At times exasperated, though surprisingly patient and accommodating, the 59-year-old Morris ultimately was praised for his fairness by some of the inquisitors he was tasked with guiding and restraining. And friends and acquaintances said that, despite his political leanings, Morris won’t let partisanship influence him when he makes his recommendation about Emanuel, a Democrat.

“This is an exercise in citizenship,” Morris said as he wrapped up the hearing last week.

He complimented the citizen inquisitors on the eloquence of their closing arguments, and joked that he certainly never was tempted to fall asleep during the hearings, which repeatedly threatened to vault from fact to farce.

Chris Robling, a Republican political activist who has known Morris for years, said it was no surprise he would go out of his way to give people their say during the hearing.
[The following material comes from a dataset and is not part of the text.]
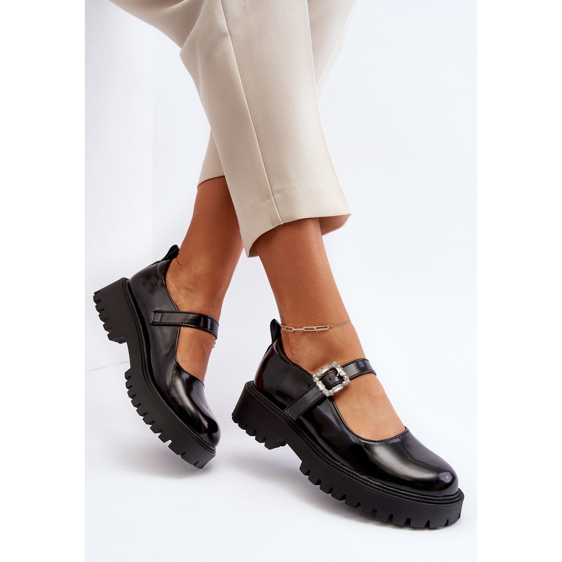Denna modell har designats med en låg, massiv 4 cm hög klack, vilket säkerställer stabilitet och komfort att bära hela dagen. Den runda tån och den mjuka innersulan av ekologiskt läder tar hand om dina fötter och ger dem tillräckligt stöd. Skorna utmärks också av en stilren, lackad yta och ett dekorativt spänne med zirkoner, vilket gör dem chica.

“Two years from now, if you had to write a story about Joe Morris and fairness, one of the sources would be Rahm Emanuel,” said Robling, who helped Morris land his job as a hearing officer with the elections board in the early 1990s. “I think Joe has a civic conscience about his place in society as an attorney, as an advocate. I think he cares very deeply about justice being done.”

The ultimate decision whether Emanuel’s name will be on the Feb. 22 ballot will fall to the three-member election board, which is likely to decide at its scheduled meeting Thursday. Appointed by the chief judge of the Cook County Circuit Court, all three are attorneys, two of them Democrats, the third a Republican.